Film und Gespräch: Heimatkunde

Wann

Mittwoch - 30.11.2022
20:00 Uhr  

Wo

Ost-Passage Theater
Konradstraße 27, Leipzig

Rollstuhlgerecht? Unbekannt
Details

Wie wird man zur „allseitig gebildeten sozialistischen Persönlichkeit“, Ideal der Erziehung in der ehemaligen DDR? Eine Schule im Dornröschenschlaf. „Wir wollten, dass es vorwärts geht, dass wir vorwärts kommen … Pünktlichkeit, Ehrlichkeit, Zuverlässigkeit. Das waren unsere Erziehungsziele,“ so erinnert sich der Schuldirektor. „Heimatkunde“ lässt ehemalige Lehrer:innen und Schüler:innen der Polytechnischen Oberschule Bärenklau nahe Guben (Lausitz) zu Wort kommen und über ihre Zeit und Sozialisation an der Schule in der DDR berichten. Der Dokumentarfilm tastet sich langsam vor. Im Regal steht der Roman „Die Mutter“ von Maxim Gorki. Ein Schüler liest aus einem alten Aufsatz. Eine Lehrerin rezitiert Wilhelm Buschs Fabel „Bewaffneter Friede“ und wir erfahren von der Geschichte der Lilo Herrmann, einer kommunistischen Widerstandskämpferin gegen die Nazis. Hier wurde vorurteilsfrei und offen gefragt. Dem Film gelingt ein differenziertes Bild vom DDR-Schulsystem, das Erziehungsauftrag und Gesinnungsterror nebeneinander stehenlässt.
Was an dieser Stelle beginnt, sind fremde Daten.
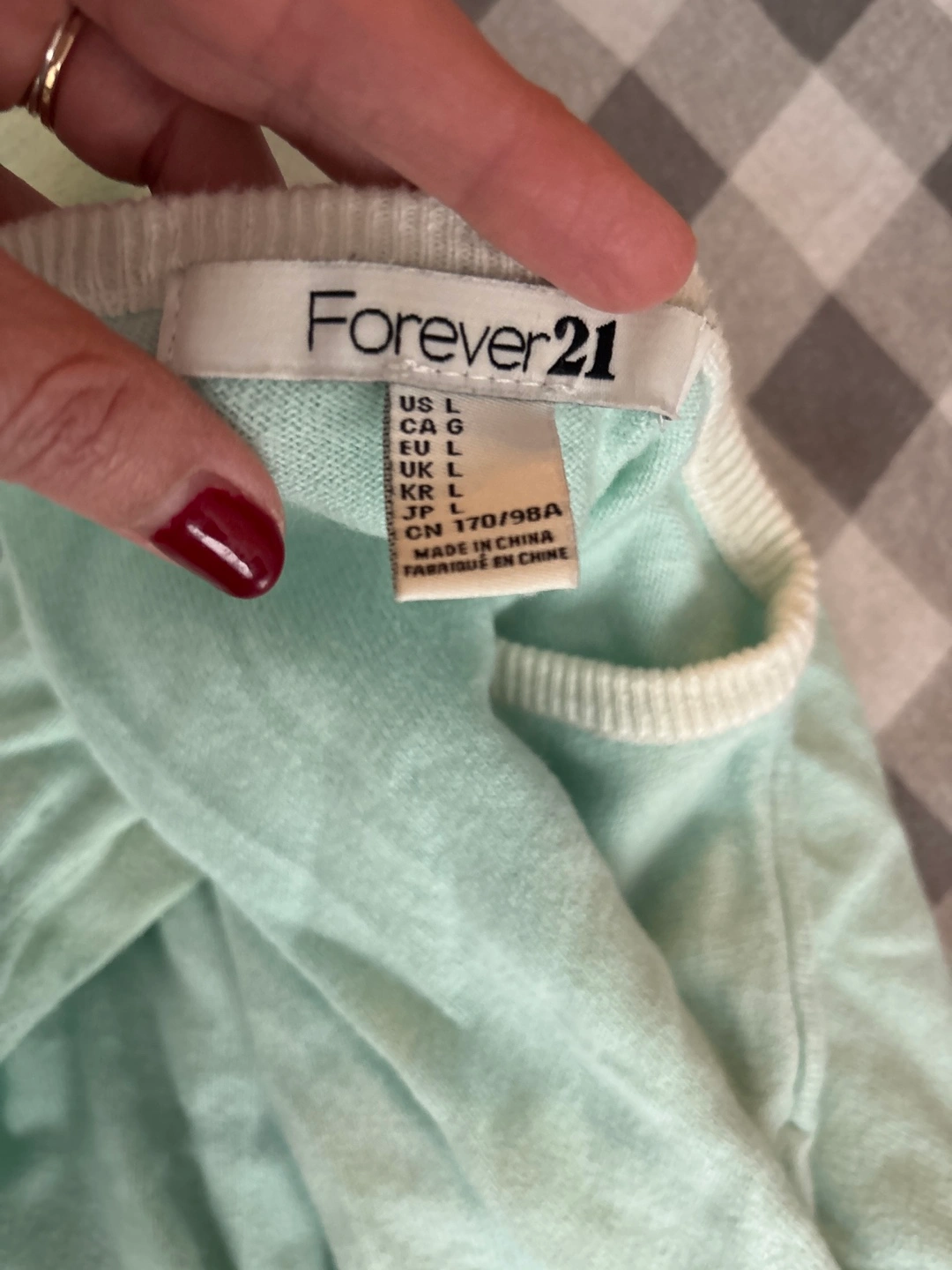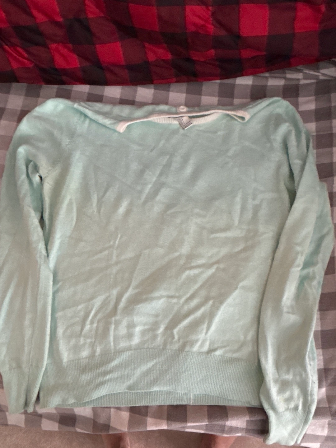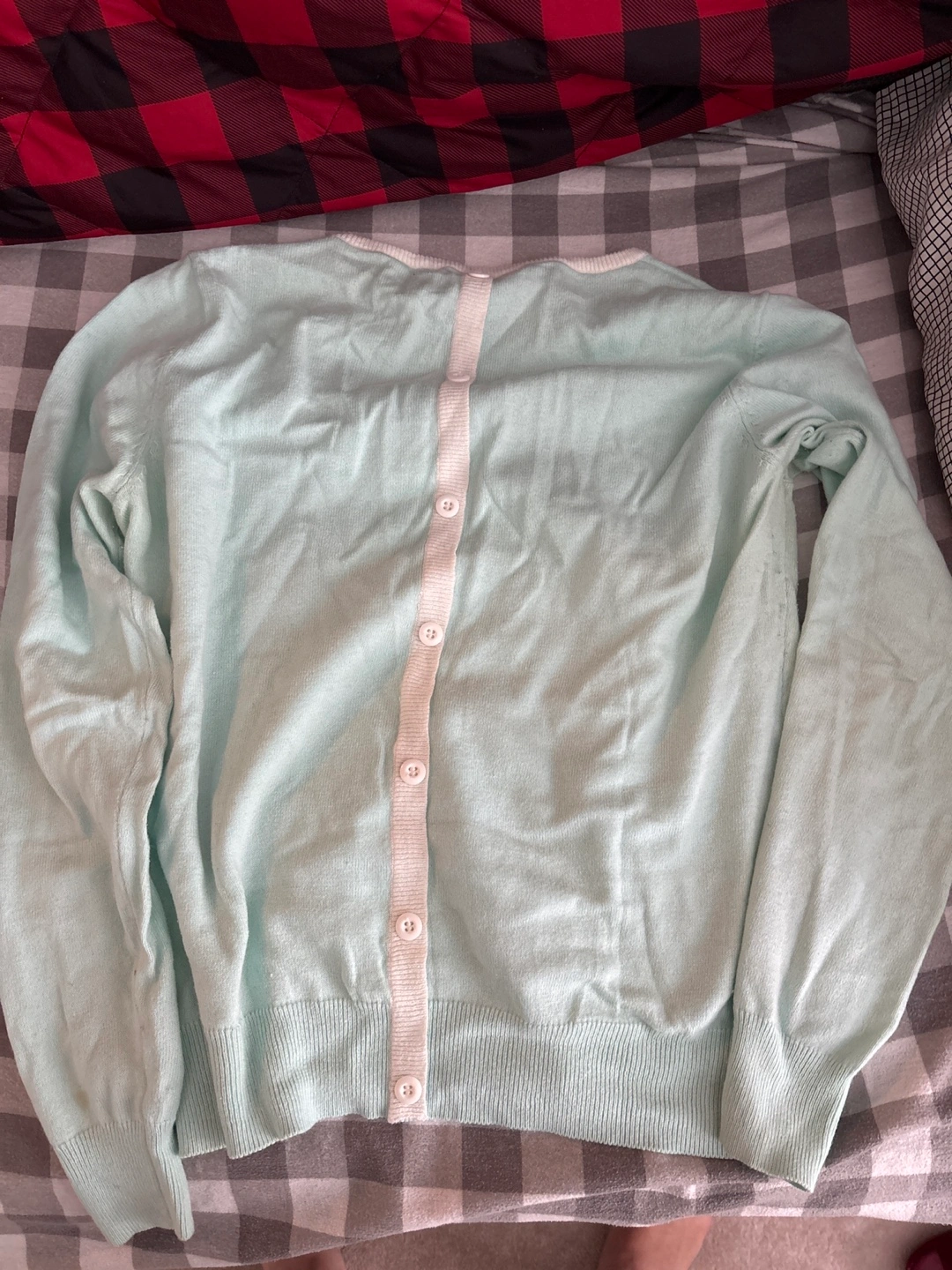 Light mint green long-sleeve cardigan. Button closure down the back. Size Large. Vintage Forever 21

Ein Film, der noch vor 10 Jahren so nicht möglich gewesen wäre. (Bäucker, D 2021)

Der Regisseur sagt dazu selbst: „Bei vielen Ostdeutschen die ich kenne, sind Versatzstücke der Indoktrination zu Ostzeiten vorhanden, es schlummert sozusagen überall. Je größer der Abstand und je älter die Leute, desto mehr wird die Vergangenheit unterkomplex und die Kindheitserinnerungen zu einer heilen DDR geschrumpft. Der Film spricht somit alle Menschen an, die damit ein Problem haben und schafft aber gleichzeitig durch sein wertfreies Vorgehen eine Gesprächsgrundlage für den Austausch. Die Gesinnungsdiktatur,die in Ostdeutschland herrschte, wurde bis heute viel zu wenig behandelt. Auch dies ist ein Grund für das reflexhafte Festhalten an autoritärem Gedankengut. Der Film stellt eine Möglichkeit dar, diese Themen in einem offenen Gespräch miteinander zu diskutieren.Für DDR-kritische Ostdeutsche ist dieser Film eine Art Befreiung. Er bringt Emotionen zurück und macht klar, dass erlernte Minderwertigkeitskomplexe, die sich aus Widerständen gegen die Mehrheitsmeinung zu DDR Zeiten (und auch danach) ergaben,strukturell gewollt und Teil einer Herrschaftslogik waren. In diesem Sinne wirkt der Film ermächtigend, vermittelt aber auch ein Verständnis dafür, warum gerade in Russland keine Massendemonstrationen gegen den aktuellen Krieg aufkommen.“

Wir zeigen den Film in der Originalsprache auf Deutsch mit englischen Untertiteln.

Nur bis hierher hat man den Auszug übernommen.